- Lake Lillian Township Location within Minnesota and the United States Lake Lillian Township Lake Lillian Township (the United States)
- Coordinates: 44°55′43″N 94°56′12″W﻿ / ﻿44.92861°N 94.93667°W
- Country: United States
- State: Minnesota
- County: Kandiyohi

Area
- • Total: 36.2 sq mi (93.7 km^{2})
- • Land: 35.6 sq mi (92.3 km^{2})
- • Water: 0.58 sq mi (1.5 km^{2})
- Elevation: 1,120 ft (340 m)

Population (2000)
- • Total: 221
- • Density: 6.2/sq mi (2.4/km^{2})
- Time zone: UTC-6 (Central (CST))
- • Summer (DST): UTC-5 (CDT)
- ZIP code: 56253
- Area code: 320
- FIPS code: 27-34694
- GNIS feature ID: 0664688

= Lake Lillian Township, Kandiyohi County, Minnesota =

Lake Lillian Township is a township in Kandiyohi County, Minnesota, United States. The population was 221 at the 2000 census. The township is named after the wife of Edwin Whitefield, Lillian. Edwin came and explored the area in 1856 and created paintings of it.

==Geography==
According to the United States Census Bureau, the township has a total area of 36.2 sqmi, of which 35.6 sqmi is land and 0.6 sqmi (1.58%) is water.

==Demographics==
As of the census of 2000, there were 221 people, 86 households, and 57 families residing in the township. The population density was 6.2 PD/sqmi. There were 95 housing units at an average density of 2.7 /sqmi. The racial makeup of the township was 97.74% White, 0.45% African American, 0.45% Native American, 0.45% Asian, and 0.90% from two or more races. Hispanic or Latino of any race were 3.62% of the population.

There were 86 households, out of which 31.4% had children under the age of 18 living with them, 65.1% were married couples living together, 2.3% had a female householder with no husband present, and 32.6% were non-families. 27.9% of all households were made up of individuals, and 17.4% had someone living alone who was 65 years of age or older. The average household size was 2.57 and the average family size was 3.21.

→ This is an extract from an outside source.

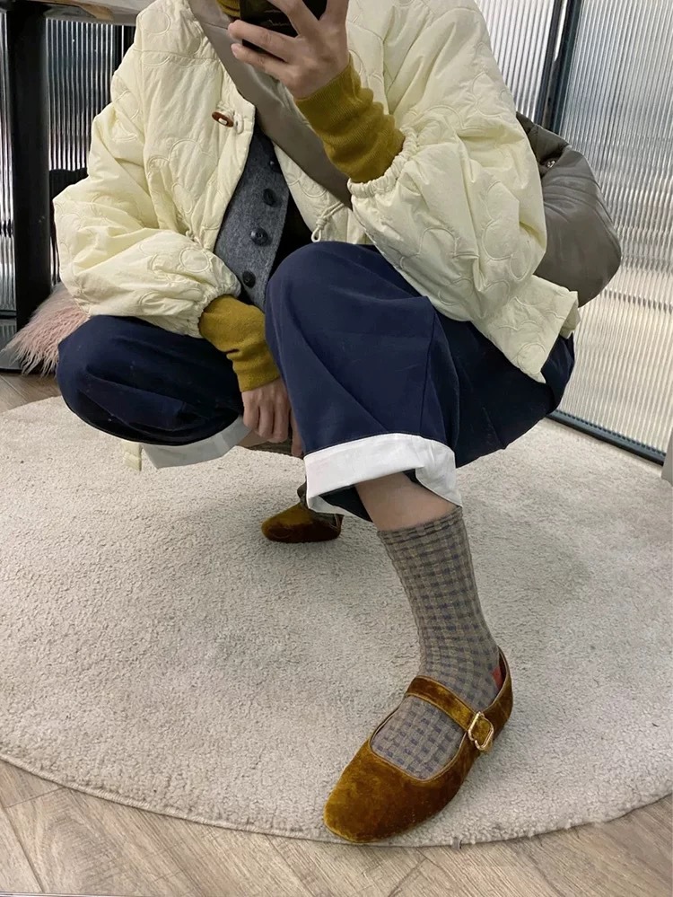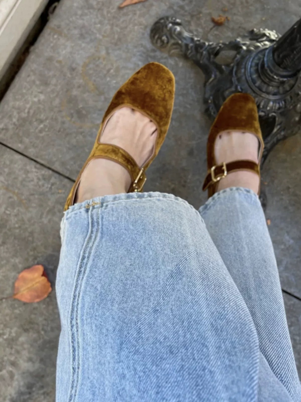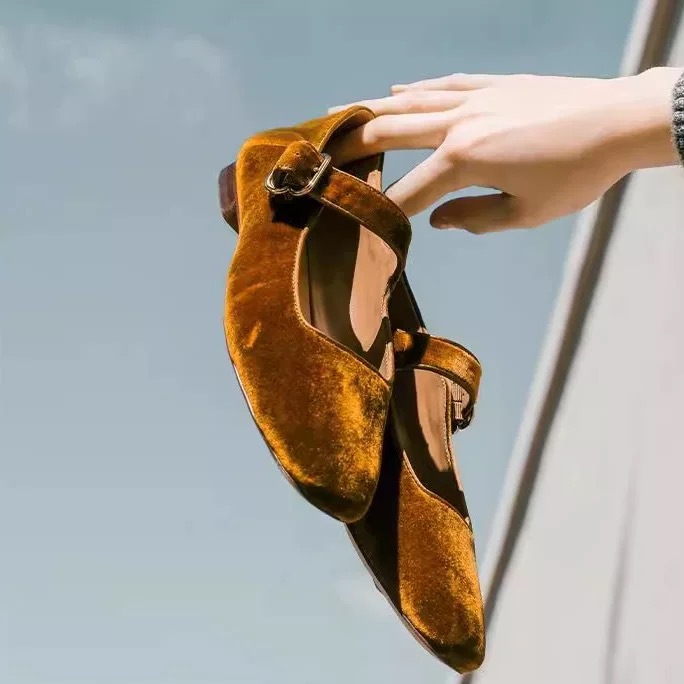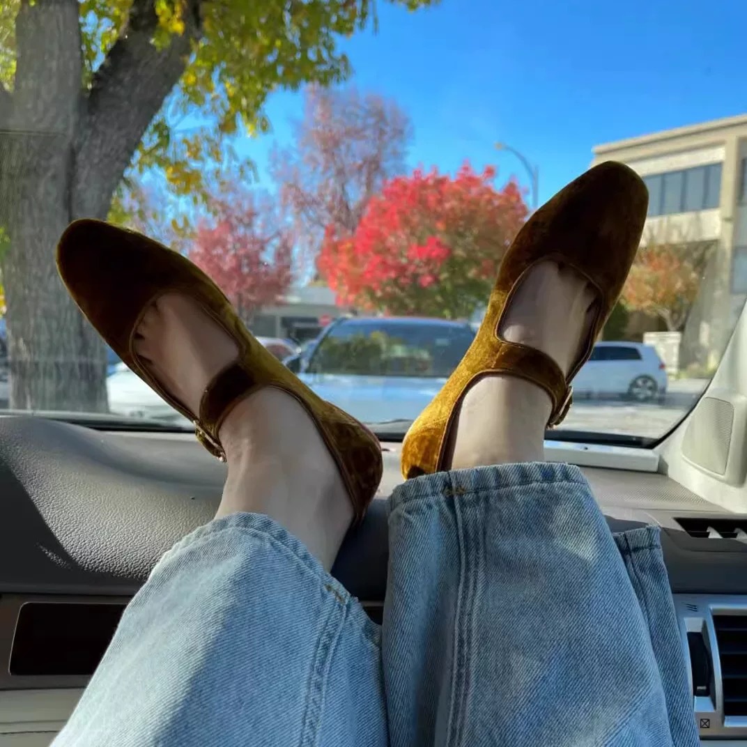 정품 가죽 벨벳 한국 인 플랫 싱글 레이어 신발 여성 2025 봄 올 매치 스퀘어 토 얕은 입 신발 메리 제인 신발스토어 가기

In the township the population was spread out, with 27.1% under the age of 18, 6.8% from 18 to 24, 23.5% from 25 to 44, 23.1% from 45 to 64, and 19.5% who were 65 years of age or older. The median age was 41 years. For every 100 females, there were 112.5 males. For every 100 females age 18 and over, there were 106.4 males.

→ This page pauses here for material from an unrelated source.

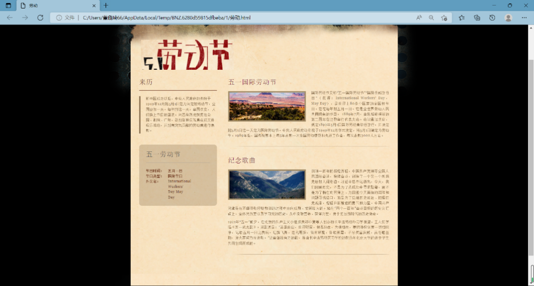 劳动其实可以分为很多种类型,相较于体力劳动,脑力劳动也是我们日常生活中必不可少的工作。借劳动教育宣传周活动为契机,开展一次《五一“劳动最光荣”静态网页设计》活动竞赛,可以让同学们积极运转大脑,消化一下所学到的知识,并应用到实际中来。部分作品展示如下:

The median income for a household in the township was $40,000, and the median income for a family was $46,000. Males had a median income of $30,000 versus $20,000 for females. The per capita income for the township was $18,203. About 3.2% of families and 2.7% of the population were below the poverty line, including none of those under the age of eighteen and 4.4% of those 65 or over.